TASK MATERIAL =
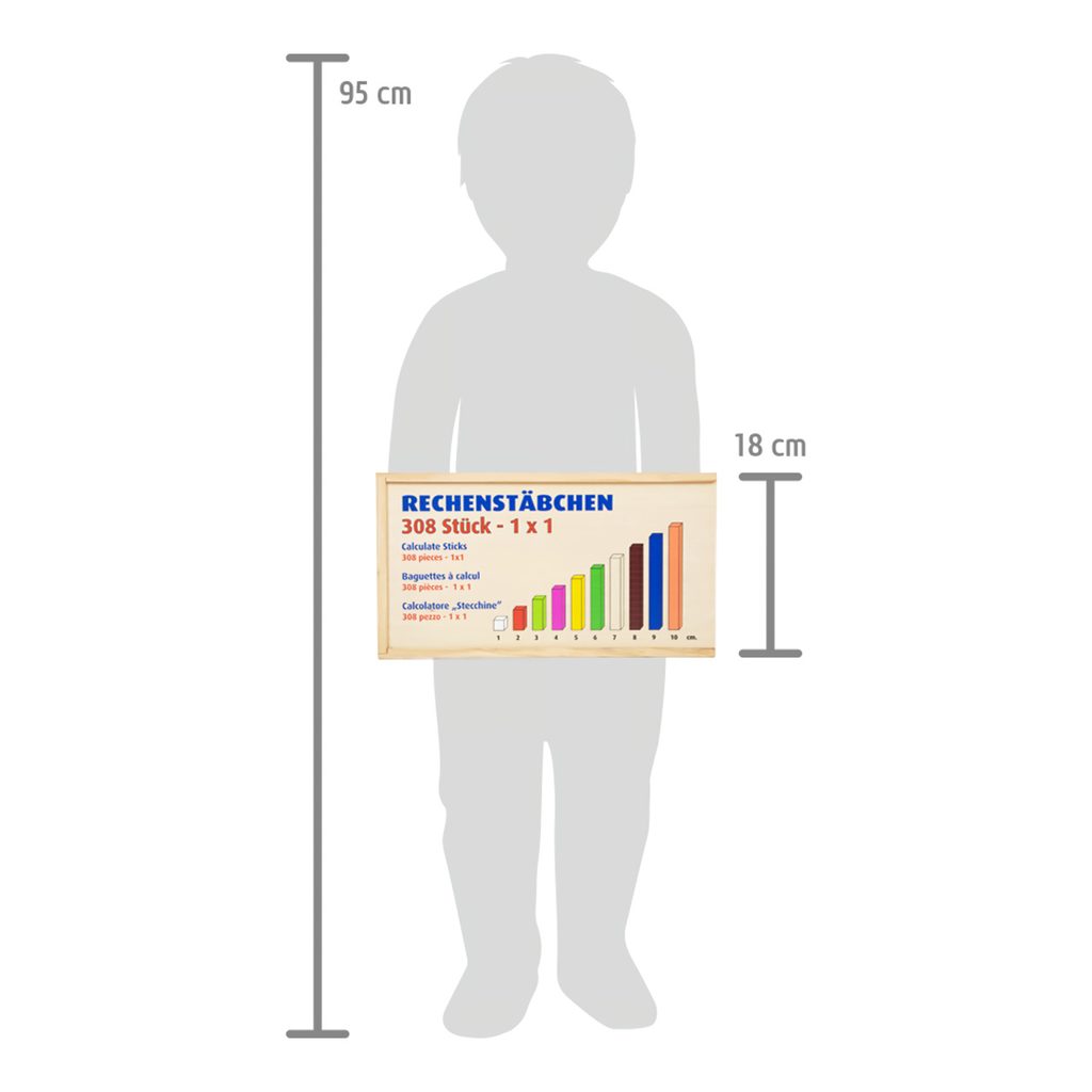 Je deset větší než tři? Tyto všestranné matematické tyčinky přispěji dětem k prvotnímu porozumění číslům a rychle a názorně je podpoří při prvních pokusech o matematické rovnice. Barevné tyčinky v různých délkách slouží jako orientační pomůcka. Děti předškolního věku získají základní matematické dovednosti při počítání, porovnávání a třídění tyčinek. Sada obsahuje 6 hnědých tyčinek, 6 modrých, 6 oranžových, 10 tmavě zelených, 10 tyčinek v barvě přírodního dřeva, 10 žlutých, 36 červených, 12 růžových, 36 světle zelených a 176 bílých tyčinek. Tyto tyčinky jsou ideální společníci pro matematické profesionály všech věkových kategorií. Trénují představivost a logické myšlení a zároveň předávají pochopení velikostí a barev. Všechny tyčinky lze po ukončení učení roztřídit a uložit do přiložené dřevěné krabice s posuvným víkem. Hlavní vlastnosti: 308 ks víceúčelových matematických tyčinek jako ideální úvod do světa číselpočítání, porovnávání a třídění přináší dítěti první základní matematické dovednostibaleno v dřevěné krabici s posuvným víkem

--

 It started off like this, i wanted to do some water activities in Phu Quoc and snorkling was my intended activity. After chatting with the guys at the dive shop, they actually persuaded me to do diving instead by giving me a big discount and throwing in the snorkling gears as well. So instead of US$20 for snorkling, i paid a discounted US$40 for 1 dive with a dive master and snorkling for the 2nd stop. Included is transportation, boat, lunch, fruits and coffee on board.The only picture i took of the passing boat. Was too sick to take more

--

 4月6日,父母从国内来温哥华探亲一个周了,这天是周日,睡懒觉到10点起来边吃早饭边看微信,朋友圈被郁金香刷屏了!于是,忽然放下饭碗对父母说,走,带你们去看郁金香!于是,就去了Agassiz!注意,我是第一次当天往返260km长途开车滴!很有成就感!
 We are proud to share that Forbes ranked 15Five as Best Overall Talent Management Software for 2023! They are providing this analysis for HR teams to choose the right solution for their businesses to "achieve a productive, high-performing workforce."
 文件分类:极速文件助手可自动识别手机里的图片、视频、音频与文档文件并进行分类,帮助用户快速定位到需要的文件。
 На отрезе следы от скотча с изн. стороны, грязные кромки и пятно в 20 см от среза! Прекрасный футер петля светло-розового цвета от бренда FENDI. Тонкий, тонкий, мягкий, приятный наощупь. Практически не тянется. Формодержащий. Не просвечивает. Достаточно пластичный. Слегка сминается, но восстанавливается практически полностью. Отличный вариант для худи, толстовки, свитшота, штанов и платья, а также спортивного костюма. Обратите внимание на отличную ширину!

TASK = Word for word, restate the lines of the data above that fall between the line holding "4月6日,父母从国内来温哥华" and the line holding "На отрезе следы", inclusive, and no other lines.

TASK SOLUTION =
 4月6日,父母从国内来温哥华探亲一个周了,这天是周日,睡懒觉到10点起来边吃早饭边看微信,朋友圈被郁金香刷屏了!于是,忽然放下饭碗对父母说,走,带你们去看郁金香!于是,就去了Agassiz!注意,我是第一次当天往返260km长途开车滴!很有成就感!
 We are proud to share that Forbes ranked 15Five as Best Overall Talent Management Software for 2023! They are providing this analysis for HR teams to choose the right solution for their businesses to "achieve a productive, high-performing workforce."
 文件分类:极速文件助手可自动识别手机里的图片、视频、音频与文档文件并进行分类,帮助用户快速定位到需要的文件。
 На отрезе следы от скотча с изн. стороны, грязные кромки и пятно в 20 см от среза! Прекрасный футер петля светло-розового цвета от бренда FENDI. Тонкий, тонкий, мягкий, приятный наощупь. Практически не тянется. Формодержащий. Не просвечивает. Достаточно пластичный. Слегка сминается, но восстанавливается практически полностью. Отличный вариант для худи, толстовки, свитшота, штанов и платья, а также спортивного костюма. Обратите внимание на отличную ширину!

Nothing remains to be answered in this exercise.